TASK INPUTS: Begin

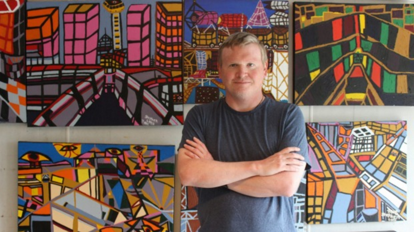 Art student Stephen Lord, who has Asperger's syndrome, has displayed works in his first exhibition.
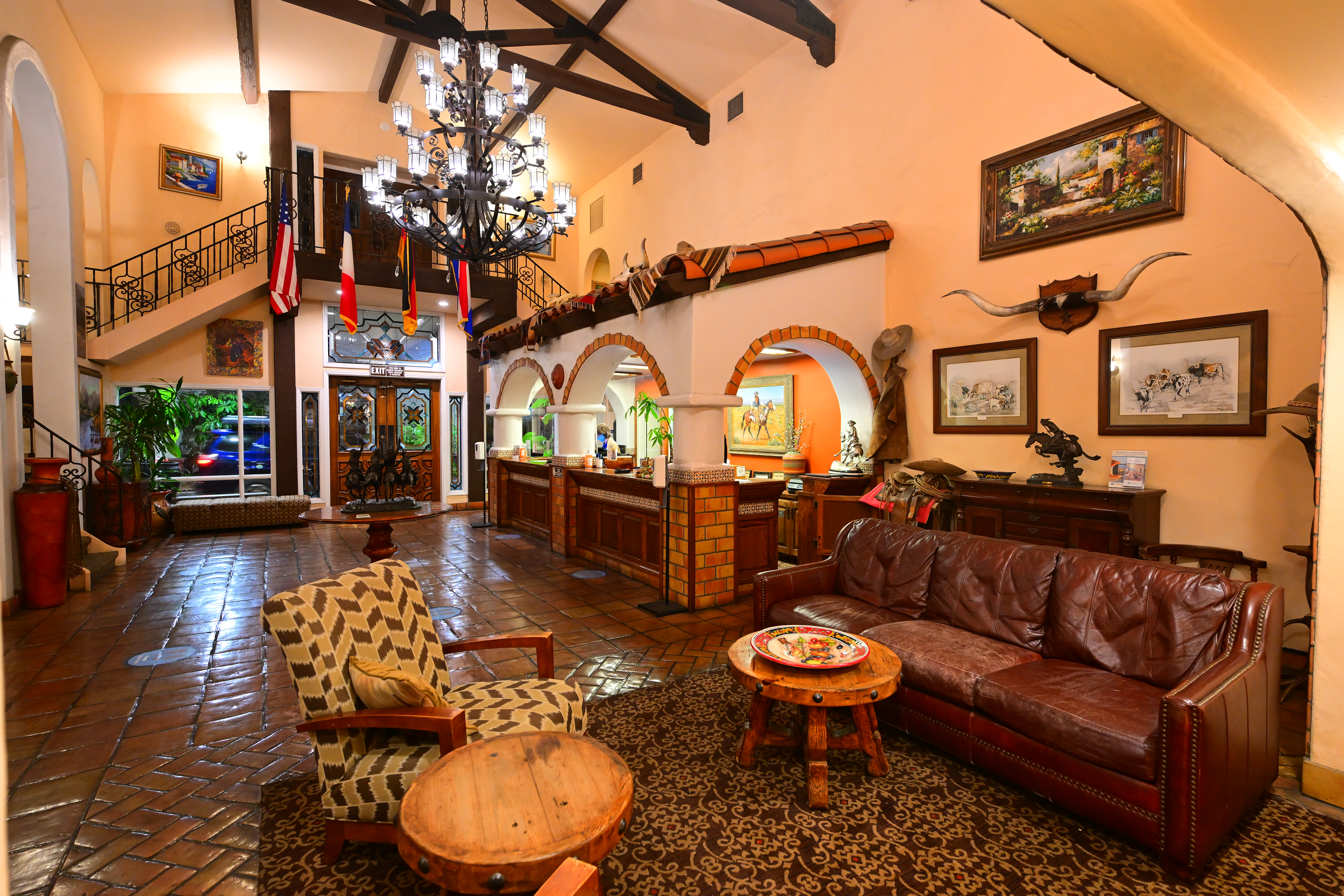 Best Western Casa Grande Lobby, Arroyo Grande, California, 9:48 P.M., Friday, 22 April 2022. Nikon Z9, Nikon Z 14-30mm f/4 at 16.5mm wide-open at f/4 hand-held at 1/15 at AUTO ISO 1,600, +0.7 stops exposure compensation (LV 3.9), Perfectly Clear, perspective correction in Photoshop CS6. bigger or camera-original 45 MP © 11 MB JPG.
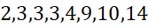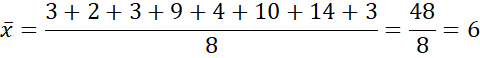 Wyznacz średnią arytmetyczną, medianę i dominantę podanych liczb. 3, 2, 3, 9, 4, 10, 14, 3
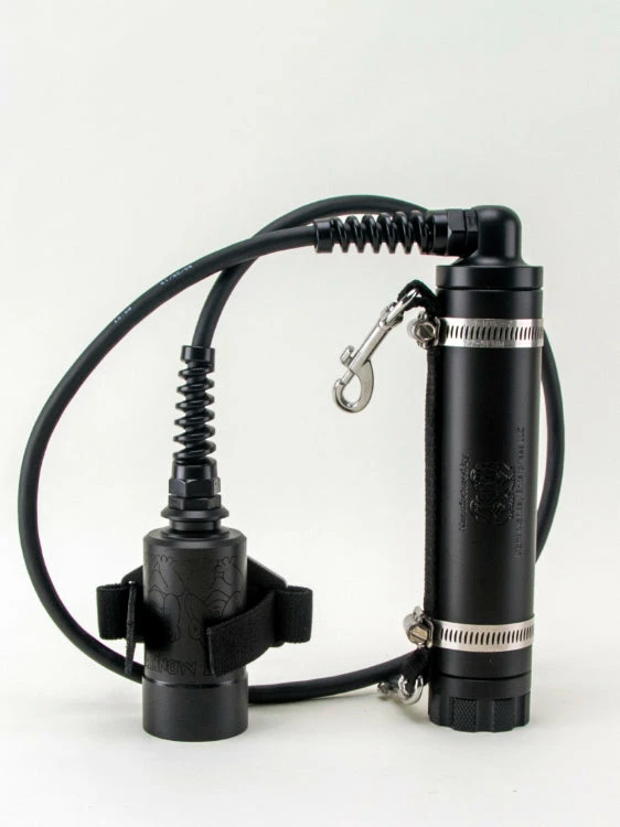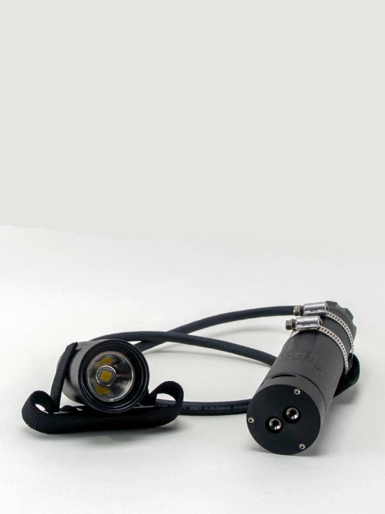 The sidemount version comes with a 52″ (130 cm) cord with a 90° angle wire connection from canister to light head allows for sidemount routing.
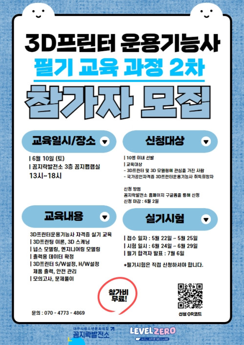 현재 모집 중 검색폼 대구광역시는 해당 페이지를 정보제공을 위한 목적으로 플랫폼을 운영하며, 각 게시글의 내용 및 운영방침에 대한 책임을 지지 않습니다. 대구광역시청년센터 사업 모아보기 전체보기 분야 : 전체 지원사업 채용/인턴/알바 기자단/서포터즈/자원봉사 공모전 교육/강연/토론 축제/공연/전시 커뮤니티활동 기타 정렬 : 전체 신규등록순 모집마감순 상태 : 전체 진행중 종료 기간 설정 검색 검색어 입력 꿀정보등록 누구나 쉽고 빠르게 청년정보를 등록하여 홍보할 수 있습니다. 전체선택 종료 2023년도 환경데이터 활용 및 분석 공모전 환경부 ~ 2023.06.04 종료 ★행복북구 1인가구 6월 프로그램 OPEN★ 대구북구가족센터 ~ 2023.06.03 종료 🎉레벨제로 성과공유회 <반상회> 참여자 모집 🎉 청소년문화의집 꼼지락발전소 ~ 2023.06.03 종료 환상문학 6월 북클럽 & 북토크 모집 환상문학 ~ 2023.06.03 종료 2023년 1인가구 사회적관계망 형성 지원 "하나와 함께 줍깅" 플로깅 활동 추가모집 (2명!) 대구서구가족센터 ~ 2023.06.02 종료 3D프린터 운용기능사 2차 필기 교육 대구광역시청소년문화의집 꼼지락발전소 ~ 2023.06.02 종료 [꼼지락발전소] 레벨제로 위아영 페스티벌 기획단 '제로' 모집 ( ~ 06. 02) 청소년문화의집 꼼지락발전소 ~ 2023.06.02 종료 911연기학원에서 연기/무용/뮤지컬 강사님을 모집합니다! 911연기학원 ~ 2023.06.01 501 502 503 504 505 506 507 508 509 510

TASK INPUTS: End

• [ABOUT THIS EXERCISE]: Output a verbatim copy of all entries above; no pictures go in it.

• [RESULT BELOW]:
 Art student Stephen Lord, who has Asperger's syndrome, has displayed works in his first exhibition.
 Best Western Casa Grande Lobby, Arroyo Grande, California, 9:48 P.M., Friday, 22 April 2022. Nikon Z9, Nikon Z 14-30mm f/4 at 16.5mm wide-open at f/4 hand-held at 1/15 at AUTO ISO 1,600, +0.7 stops exposure compensation (LV 3.9), Perfectly Clear, perspective correction in Photoshop CS6. bigger or camera-original 45 MP © 11 MB JPG.
 Wyznacz średnią arytmetyczną, medianę i dominantę podanych liczb. 3, 2, 3, 9, 4, 10, 14, 3
 The sidemount version comes with a 52″ (130 cm) cord with a 90° angle wire connection from canister to light head allows for sidemount routing.
 현재 모집 중 검색폼 대구광역시는 해당 페이지를 정보제공을 위한 목적으로 플랫폼을 운영하며, 각 게시글의 내용 및 운영방침에 대한 책임을 지지 않습니다. 대구광역시청년센터 사업 모아보기 전체보기 분야 : 전체 지원사업 채용/인턴/알바 기자단/서포터즈/자원봉사 공모전 교육/강연/토론 축제/공연/전시 커뮤니티활동 기타 정렬 : 전체 신규등록순 모집마감순 상태 : 전체 진행중 종료 기간 설정 검색 검색어 입력 꿀정보등록 누구나 쉽고 빠르게 청년정보를 등록하여 홍보할 수 있습니다. 전체선택 종료 2023년도 환경데이터 활용 및 분석 공모전 환경부 ~ 2023.06.04 종료 ★행복북구 1인가구 6월 프로그램 OPEN★ 대구북구가족센터 ~ 2023.06.03 종료 🎉레벨제로 성과공유회 <반상회> 참여자 모집 🎉 청소년문화의집 꼼지락발전소 ~ 2023.06.03 종료 환상문학 6월 북클럽 & 북토크 모집 환상문학 ~ 2023.06.03 종료 2023년 1인가구 사회적관계망 형성 지원 "하나와 함께 줍깅" 플로깅 활동 추가모집 (2명!) 대구서구가족센터 ~ 2023.06.02 종료 3D프린터 운용기능사 2차 필기 교육 대구광역시청소년문화의집 꼼지락발전소 ~ 2023.06.02 종료 [꼼지락발전소] 레벨제로 위아영 페스티벌 기획단 '제로' 모집 ( ~ 06. 02) 청소년문화의집 꼼지락발전소 ~ 2023.06.02 종료 911연기학원에서 연기/무용/뮤지컬 강사님을 모집합니다! 911연기학원 ~ 2023.06.01 501 502 503 504 505 506 507 508 509 510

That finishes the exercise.